Looming ahead is the aftershock of the boom, when investment cools and Australia needs to find work for the workers it imported to build the mines. Employment in many regions would have been better without the boom, the study said.
It says the boom will also aggravate income gaps and housing shortages. Australia's headline unemployment rate of 5 per cent, and predictions that it is converging across all regions, bears no resemblance to reality. "Over the past few years regional inequalities in housing and jobs have either stayed constant or increased. There is no evidence of convergence."
Many who lose their jobs will not be able to find new work.
Their prospects - especially in outer Sydney, Melbourne and Adelaide - will dim further as the blows to industries outside the mining sector hammer their ability to pay for housing.
In the places where affordable housing is available, job opportunities are declining.
But the study says the worst is not inevitable, provided the Government can get its policies right, as other countries have done.
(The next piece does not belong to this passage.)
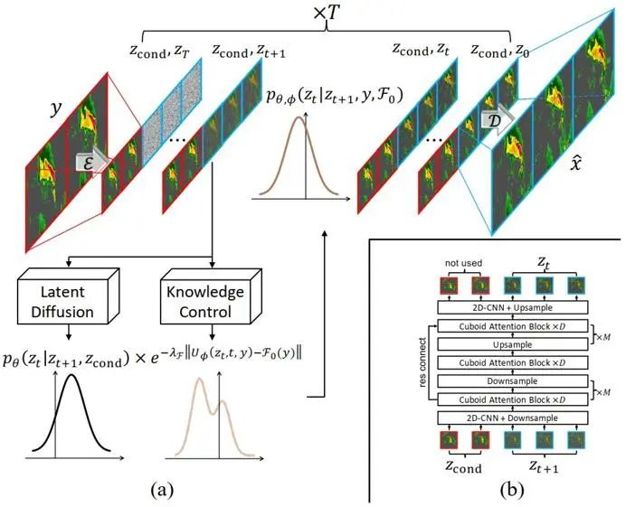 Based on the training idea of the latent diffusion model, PreDiff is first trained on radar echo data based on the VAE, to obtain an encoder E and a decoder D. The encoder E encodes the observation sequence y into a latent context zcond. The latent diffusion model then generates the prediction result z0 by autoregressively denoising Gaussian noise zT conditioned on zcond. The transition distribution of each step from zt+1 to zt can be further refined via knowledge control, according to auxiliary prior knowledge. z0 is decoded back to pixel space by the decoder D to produce the final prediction xb. In addition, the Earthformer-UNet architecture is used in PreDiff.

Norway, which was affected far more intensively by its resources boom, had not needed to import labour and had emerged with greater manufacturing product, higher employment and higher per-capita productivity than Australia has managed.
The study says the average Norwegian family of four is indirectly richer by US$600,000 ($738,000) than the comparable Australian household and that the key to Norway's success is thinking ahead and planning strategies to ensure its people gained the best-possible benefits.